I read at the Here Comes the Brides: Reflections on Lesbian Love & Marriage event in N.Y.C. last weekend. I'm a contributor to the anthology, which is mostly cheerleading of same-sex (and all) marriage. Regular readers of this blog won't be surprised that I am the lone antiassimilationist dissenter. Others are ambivalent to be sure, but I am the hard-liner.
The same day the HCTB event went up on Facebook, I read news of Microsoft's top two execs contributing 100 Grand each to a Washington State marriage equality group. Apparently a statement on The Official Microsoft Blog was titled "Marriage Equality in Washington State Would Be Good for Business” … My reaction was that when anything becomes good for corporate America, that's when we need to really start worrying because the LGBT community has once again been commodified. (FYI, Microsoft has been accused again and again of mistreating its workers in China, mostly young women.)
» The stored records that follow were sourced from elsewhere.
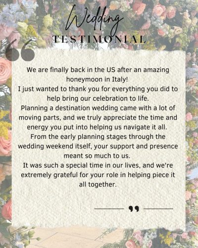 Dinner was incredible.. For us the shrimp and beef were the shining stars and also the mango Thai salad… however everything was outstanding. Our guests have all reached out to let us know how delicious everything was. The music was perfect… my feet were so sore afterwards! The caterer, singer, sax player, DJ – all were brilliant and recommended to us by LWM! The photographer and videographer were excellent too, they listened to everything I asked and directed us well. All the staff who were on the team were great and everyone kept checking in with us all night. Me and Ricci had the best night ever! It was honestly amazing. Thank you for the whole day, it couldn’t have gone any better!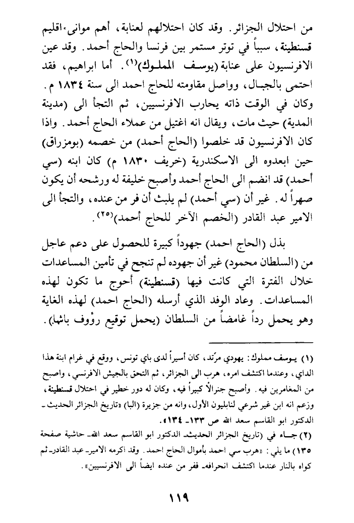(¬1) يوسف مملوك: يهودي مرتد، كان أسيرا لدى باي تونس، ووقع في غرام ابنة هذا الداي، وعندما اكتشف أمره، هرب إلى الجزائر، ثم التحق بالجيش الإفرنسي، وأصبح من المغامرين فيه. وأصبح جنرالا كبيرا فيه، وكان له دور خطير في احتلال قسنطينة، وزعم أنه ابن غير شرعي لنابليون الأول، وأنه من جزيرة (البا) (تاريخ الجزائر الحديث - الدكتور أبو القاسم سعد الله ص 133 - 134).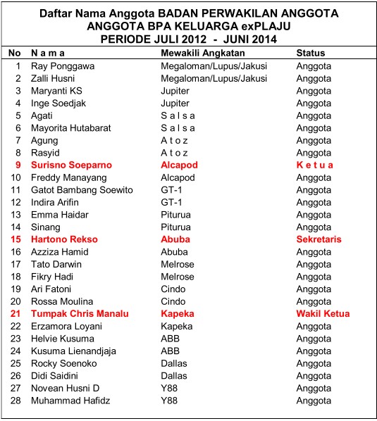 Pada hari Sabtu, tgl 14 Juli 2012 dalam rapat wakil-wakil angkatan dan pengurus Keluarga exPlaju telah terbentuk Badan Perwakilan Anggota (BPA) Keluarga exPlaju. Kemudian diadakan voting untuk memilih ketua, wakil ketua dan sekretaris BPA.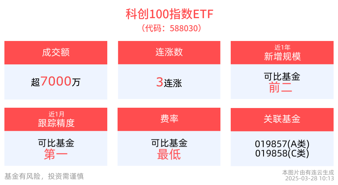 跟踪精度方面,截至2025年3月27日,科创100指数ETF近1月跟踪误差为0.012%,在可比基金中跟踪精度最高。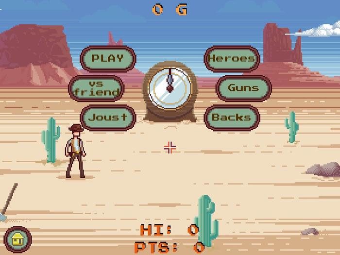 Gun Done — это игра, где вся механика заключается в единовременном нажатии на экран. Я подсмотрел её в игре Ready Steady Go — искал проект попроще и нашёл игру про ковбоев, где весь геймплей состоит в том, чтобы нажать кнопку первым. Подумал: «Блин, механика класс, тема мне нравится, но надо сделать не клон, а кучу разных дуэлей с аналогичной механикой».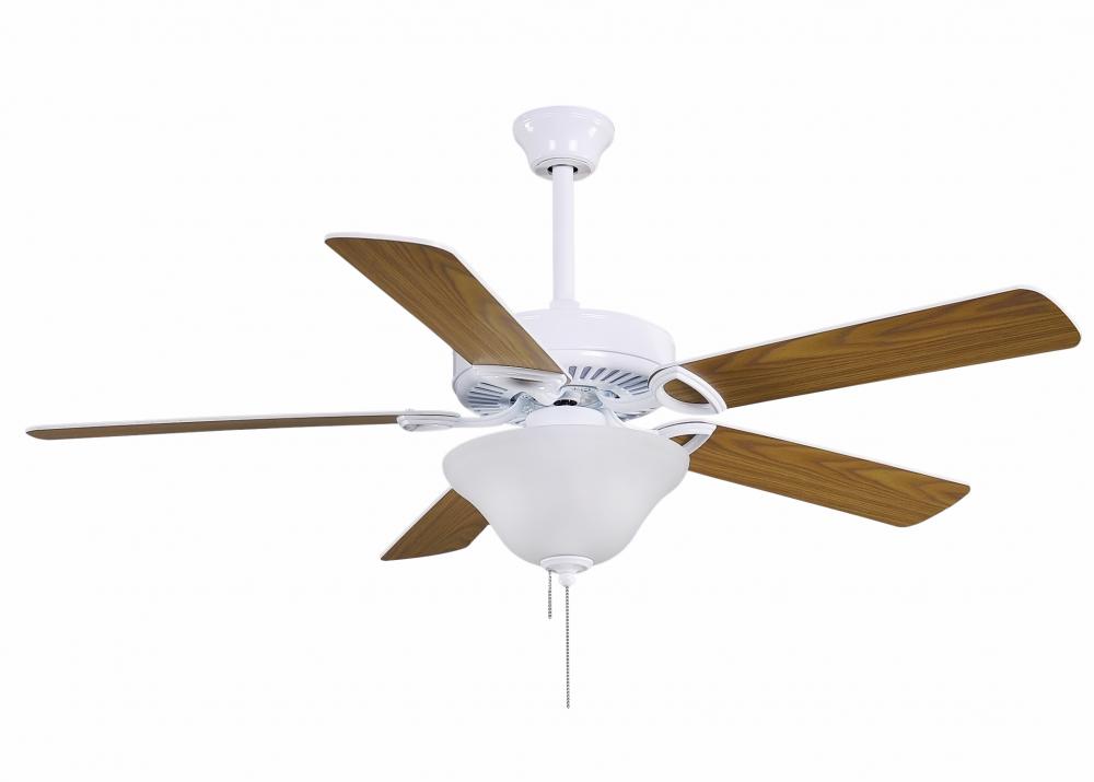 America - 52" Builder Fan - Gloss White Finish - Reversible White/Wood Tone Blades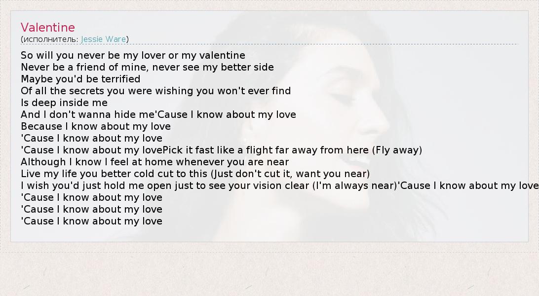 I wish you'd just hold me open just to see your vision clear (I'm always near)'Cause I know about my love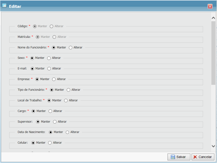 O campo Ativo sempre estará liberado para alteração de mais de um funcionário, já os demais campos serão permitidos alterar caso essa configuração tenha sido definida na implantação do projeto.

Then, just the next week, Time magazine reported that in the single year since same-sex marriage has been legal in New York State, the gay marriage biz has brought $259 Million in revenue to New York City alone. That’s a lot of dough and I don’t know how much, if any, if being plowed back into the lesbian community for much needed services such as food programs for poor women and children, emergency housing, services for survivors of intimate partner violence, shelter and safety programs for homeless youth (and adults) or plans to get any of these folks out of the shelter system and into real housing!
My point is – it’s only when corporations or governmental bodies can start making money off lesbians that we become important to “support” … We really do need to stop and think about why on earth we would ever want the support of corporations and the people behind them — the same individuals, businesses and elected officials who previously did not support us — when they change their minds based on the almighty dollar. Just like a certain president who never supported same-sex marriage, except in an election year. This should definitely make us pause and interrogate thoroughly why marriage equality crusaders want–and value–these business people's support. *And, this just in, the other day HRC announced that anti-trust criminal and founder of the online conglomerate Amazon.com, Jeff Bezos, will contribute $2.5 M to marriage equality in WA state. (FYI, Bezos has been accused of tax-dodging, worker mistreatment, and criticized for supporting the extreme right-wing policy group known as ALEC.)
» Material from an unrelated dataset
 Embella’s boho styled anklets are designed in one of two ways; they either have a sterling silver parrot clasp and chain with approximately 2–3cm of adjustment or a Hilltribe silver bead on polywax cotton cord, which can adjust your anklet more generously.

You all already know marriage is much more that just a peachy keen celebration with pretty dresses or handsome tuxedos, but I believe it's also a very dangerous red-herring in a larger social milieu where the Equal Rights Amendment has not been ratified, nor has the United Nation’s Convention on the Elimination of All Forms of Discrimination Against Women; where women still earn almost a third less than men for the same work; and where we all still live in a rape culture.
The current single-minded focus on acquiring marriage rights gives the more affluent gaystream a free pass not to not have to think about other, more pressing and very basic issues of survival issues other queers are grappling with in this severe worldwide economic depression.